Здесь повсюду ощущалась легкая и веселая атмосфера. Среди деревьев в прозрачных нарядах прохаживались девушки в ожидании того часа, когда мужчины пригласят их к себе на пиршество…
И в садах, и среди лавровых рощ с просторными и вечнозелеными бархатными лужайками можно было играть на любом инструменте, петь. И звуки волшебных инструментов и голосов, наполняющие теплом и свежестью, и источающие ароматы долы говорили о полном блаженстве, разлитом в самом воздухе, окутывавшем холмы и рощи этого благоуханного края.
Среди щебета птиц в перелесках, перекликаясь друг с другом мелодичным журчанием, лились прозрачные святые источники, ручьи и реки, по берегам которых источали ароматы травы и цветы; среди одетых в новые оболочки душ всех тех, кто оставил после себя на Земле добрую славу, — те, кто пал в честном бою за отечество, кто творил красоту и молитву, во славу Господа, кто нес людям радость, можно было встретить Орфея. Чтобы послушать его божественный голос к нему спускались с необозримых вершин многочисленные ангелы и собирались стада животных из окрестных лесов и гор. Птицы слетались полюбоваться, как порхают над серебряными струнами золоченых гуслей певца разноцветные ноты.

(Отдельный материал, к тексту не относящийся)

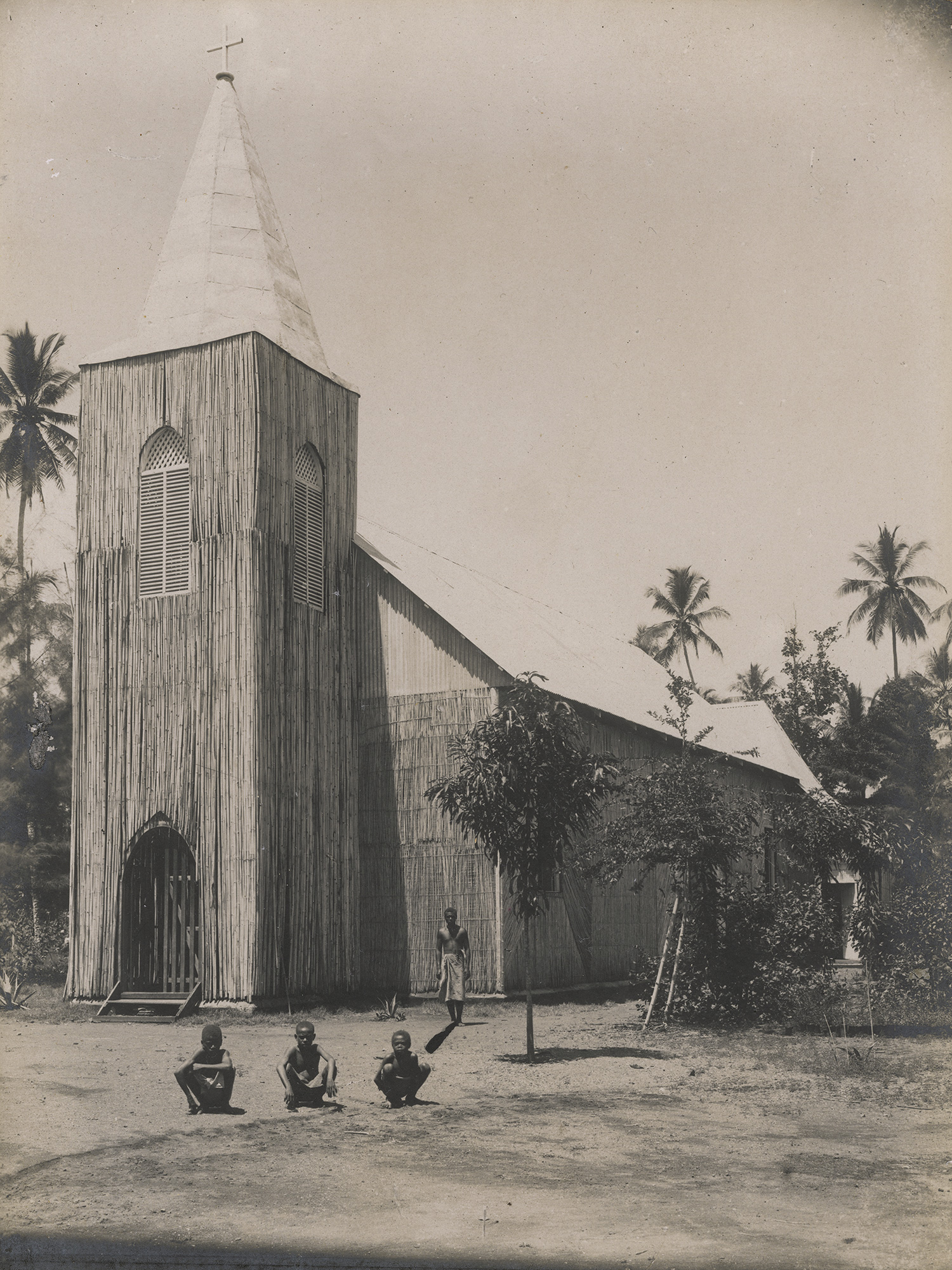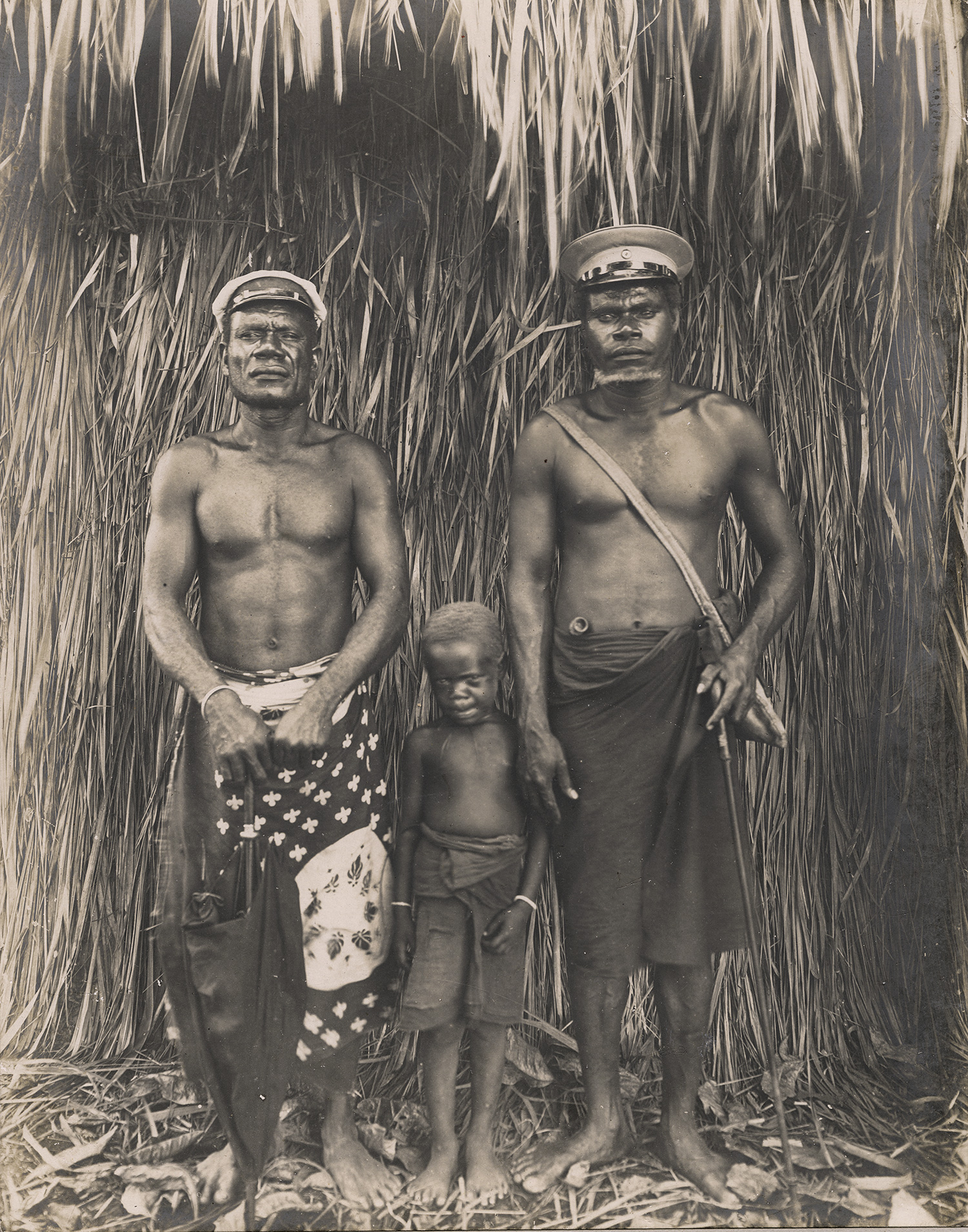 This group of photographs offers a rich visual record of life in the German colonial Pacific during the late 19th and early 20th centuries. Likely taken by a missionary-affiliated or ethnographic photographer, the images depict a variety of subjects including Samoan families and women in ceremonial dress, Fijian schoolchildren in front of a thatched classroom, local architecture such as a bamboo church, and the construction of a large traditional meeting house. Other scenes include local converts and indigenous pastors, formal group portraits, and a canoe landing on the beach in the former German protectorate of New Guinea. – Some soiling and foxing of boards, some fading and signs of oxidation along the margins of a number of prints, otherwise all in good to very good condition.

А никогда не стареющие и не подверженные болезням деревья начинали двигаться с места, очарованные дивным пением; дуб и тополь, стройные кипарисы и широколистые платаны, сосны и ели толпились кругом; ни одна ветка, ни один лист не шелохнулись на них, когда ноты кружились над верхушками леса, проникая сквозь кроны деревьев.
Когда умолкали певцы и музыканты, на смену им выходили поэты — декламаторы, чтобы соперничать друг с другом возвышенным слогом и ритмом, изяществом строк и строф. И вновь плыла над райскими долами музыка рифмы и образа, украшенная звучными эпитетами и мудреными фразеологическими оборотами.
И везде, где можно было слушать и любоваться творениями талантов, можно было встретить давно покинувших Землю родственников, поговорить с ними обо всем, порадоваться вечной и никогда не утомляющей жизни.
К этому стоит стремиться, вопреки всем изречениям невесть кем избранных земных «пенкоснимателей», многие из которых, поклоняясь своим божествам, уже давно живут в раю.
«И зачем нам обещать чего-то в будущей жизни на небе, — говорят они. — К чему осквернять наши храмы, зачеркнув наши законы и традиции, все, что помогает нам жить в раю сейчас, изо дня в день? Мы едим и пьем до сыта, целуем красавиц — чем это не рай земной?»
И что им сказать в ответ? Может быть, напомнить о том, что рай земной им дан лишь для того, чтобы их испытать и послать в Ад небесный, все выше и выше перемещающийся с одного неба на другой. Те, кто ест и пьет досыта в этой земной жизни и целует красавиц, проявляют алчность и презрение к нищим и сиротам. Им не будет доступа в Рай Господний! Большинство из нас, землян, об этом знают, да только запомнить не хотят; поскольку привыкли жить одним днем.







Глава 12

в которой речь идет о встрече Пушкина с одним из представителей рода Ганнибалов и его воспоминаниях о былом посещении Ада.

1

Где-то среди окружающих Пушкина и парящих от цветения деревьев и кустарников безграничного сада он повстречал одного из основателей семейства Ганнибалов — Ибрагима Петровича.
Шоколадного цвета старец встретил Александра Сергеевича счастливой улыбкой и приветливыми речами, но как ни пытался Поэт обнять его, тот ускользал, подобно легкому сновидению. Только ласковый взгляд и мудрые речи были доступны для пушкинских глаз и ушей, вызывая возвышенные чувства родства.
Образ африканского… деда, пылкие страсти которого, соединенные с ужасным легкомыслием, вовлекали его в удивительные заблуждения, ускользал, оставляя в сознании Поэта, высказанное Ганнибалом пожелание: «Хочешь рая, молись и исповедуйся. Желаешь вечной жизни, блюди Господние заповеди и снова молись и молись…»
И к этому нельзя было не прислушаться уже в силу того, что слова эти исходили от представителя африканского рода — носителя далекой от православия религии.
— Все что ты сотворил, — гулким эхом катились слова наставления, — еще можно забыть, испив водицы из Леты — реки, но никогда не запрятать грехов своих от всевидящего ока Всевышнего.
Выказав свою искреннюю озабоченность за благополучный исход предназначенного Поэту Чистилища, зачинатель пушкинского рода плавно развел руками Пространство, и указал Александру Сергеевичу на уже знакомую ему дорогу:
— Иди и помни о том, что каждый твой шаг имеет два направления — в Рай или в Ад…
После того как Пушкин почувствовал на спине своей легкий толчок руки Ганнибала, очередное видение перенесло его на берег реки Ахерон.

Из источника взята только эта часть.